1. Core Formulation and Complexity of UOT

The regularized UOT problem considers two measures (with possibly different total mass), discrete support of size at most $n$ , a ground cost matrix $C \in \mathbb{R}^{n \times n}$ , and divergence penalties (typically Kullback–Leibler) on the marginals. The entropic regularized UOT objective takes the form

$\min_{X \geq 0} \;\langle C, X \rangle + \tau \,\mathrm{KL}(X \mathbf{1}_n \;||\; a) + \tau \,\mathrm{KL}(X^\top \mathbf{1}_n \;||\; b) + \eta H(X)$

where:

$a,b$ are nonnegative vectors (marginals, with total mass $\alpha$ and $\beta$ ),
$H(X)$ is the negative entropy,
$\tau$ is the divergence penalty strength,
$\eta$ is the entropic regularization.

The Sinkhorn algorithm for solving the entropic regularized UOT problem operates with complexity

$\widetilde{\mathcal{O}}(n^2/\varepsilon)$

in the high-accuracy regime (fixed $\tau, \alpha, \beta$ ), as established by a geometric convergence proof on the dual variables. In contrast, the standard Sinkhorn for balanced OT scales as $\widetilde{\mathcal{O}}(n^2/\varepsilon^2)$ . This favorable linear $1/\varepsilon$ dependence arises because the UOT solution does not have to meet exact marginal constraints, and the divergence regularizer “absorbs” some error, yielding faster convergence for high-accuracy solutions (Pham et al., 2020).
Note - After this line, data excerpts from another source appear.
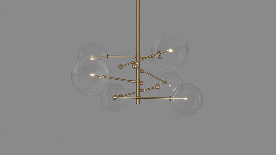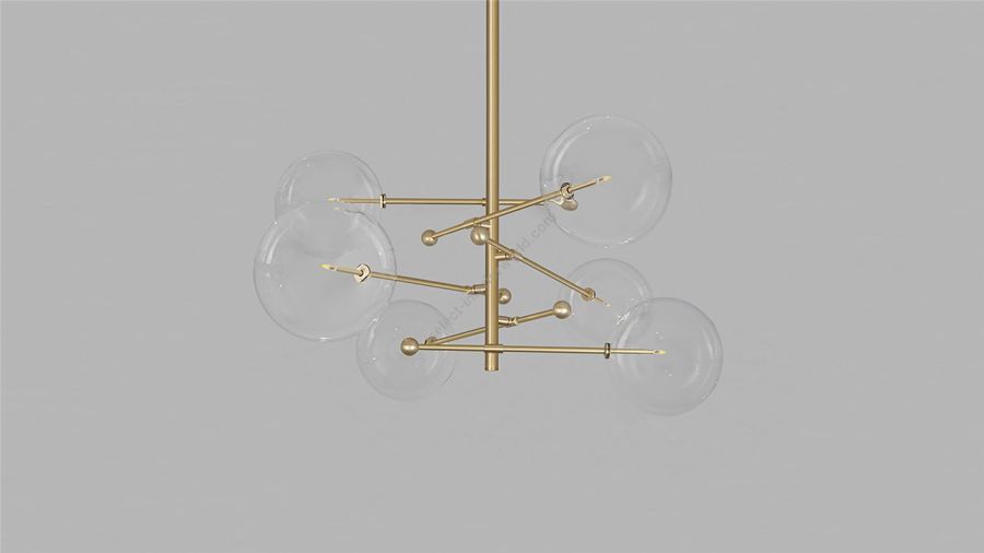A sextet of mouth-blown glass globes orbits a central axis, poised on adjustable cantilevered brass arms. The modular asymmetry of the intersecting angles forms a gyroscopic composition, bringing an interstellar elegance to a space.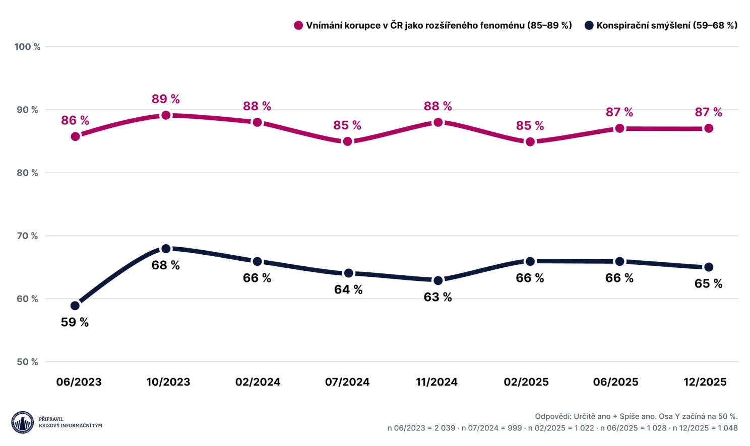 Přesvědčení, že Česko je zkorumpované, sdílí 85 až 89 % populace. Stabilně, bez výkyvů, po celé sledované období.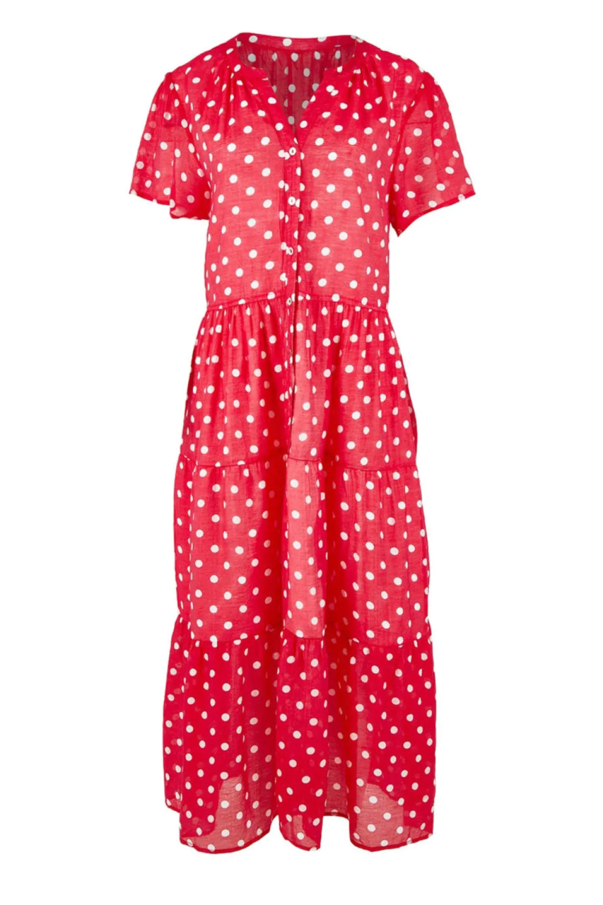 Designed with short sleeves and a partial button-through bodice, this playful spot dress combines relaxed charm with everyday ease. A lightweight cotton lining through the body provides breathable coverage, while the tiered calf-length skirt adds movement and style.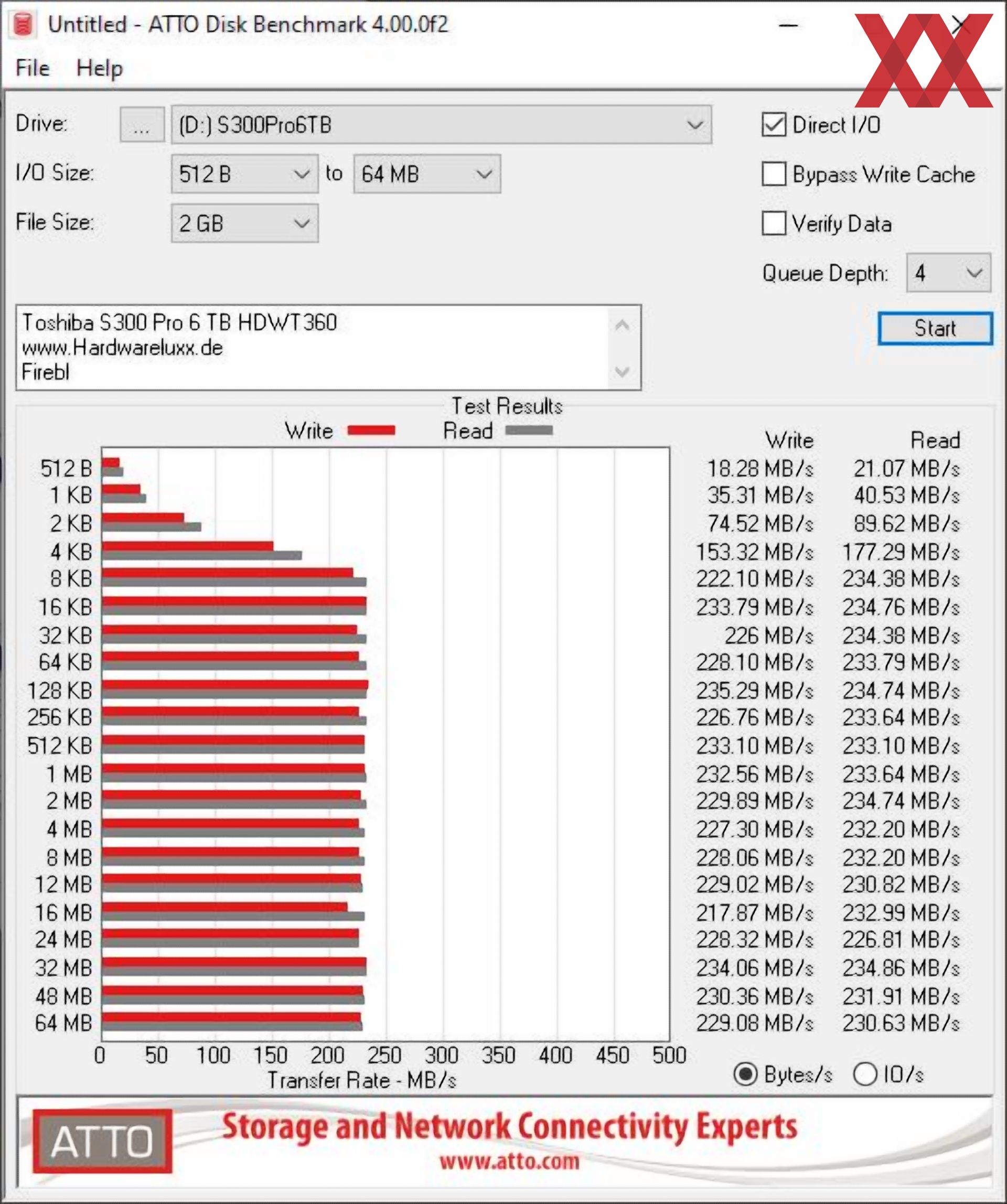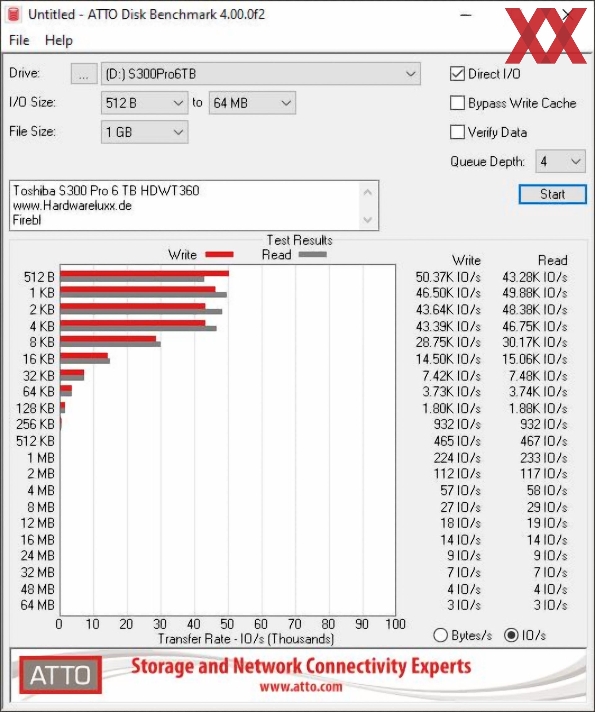 Aus Sicht der Benchmarks bewegt sich die S300 Pro 6 TB ca. 5 % unterhalb der bisher schnellsten 6-TB-Festplatte, der Western Digital Black 6003 aus unserem 6-TB-Festplatten-Round-up. Vergleicht man die Werte der S300 Pro mit anderen Toshiba-Festplatten aus diesem Artikel, welche zu älteren Generationen gehören, so kann man sehr gut den Fortschritt erkennen, welcher mit der S300 Pro einhergeht. Verglichen mit der X300 6 TB bringt die S300 Pro 10 % mehr Leistung bei erheblich geringerer Leistungsaufnahme.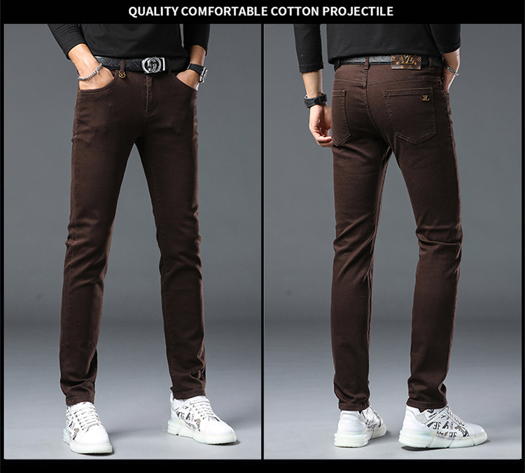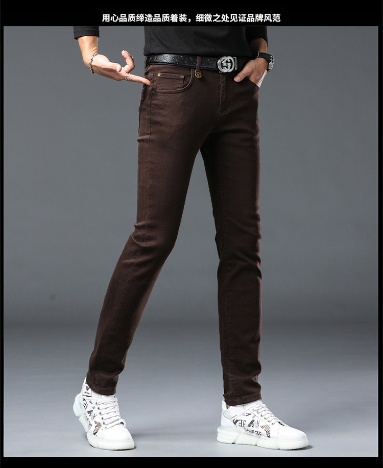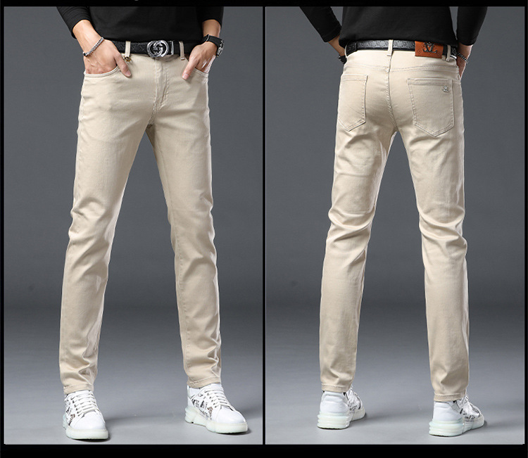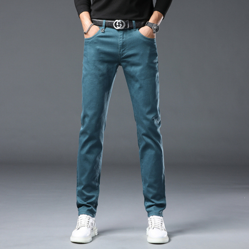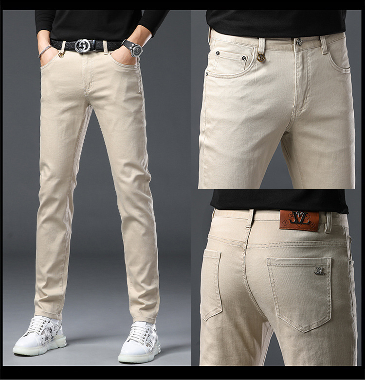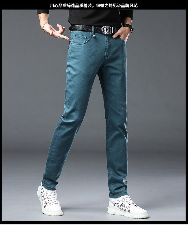 가을/겨울 2024 고급 유럽 캐주얼 데님 남성용 슬림 핏 작은 스트레이트 트렌디 브랜드 스트레치 남성용 올 매치 바지

2. Dual Convergence and Primal–Dual Coupling

A central step in the complexity analysis is the geometric contraction of the error in the dual potentials (measured in $\ell_\infty$ norm), quantified as

$\Delta_{k+1} \leq \Lambda_k, \qquad \Lambda_k = \tau \left(\frac{\tau}{\tau+\eta}\right)^k R,$

where $R$ depends logarithmically on data and $C$ , and $\eta$ is proportional to $\varepsilon$ . This contraction ensures the number of necessary iterations is proportional to $\log(1/\varepsilon)$ . In the primal, the relationship between the function value and the dual error is established through the equation

$g(X^*) + (2\tau+\eta)x^* = \tau(\alpha+\beta),$

with $x^*$ being the total transported mass at optimum. Bounds on the differences in the primal across iterations, together with the dual error bound, ultimately show that the total number of arithmetic operations required for $\varepsilon$ -approximation is of order $\widetilde{\mathcal{O}}(n^2/\varepsilon)$ .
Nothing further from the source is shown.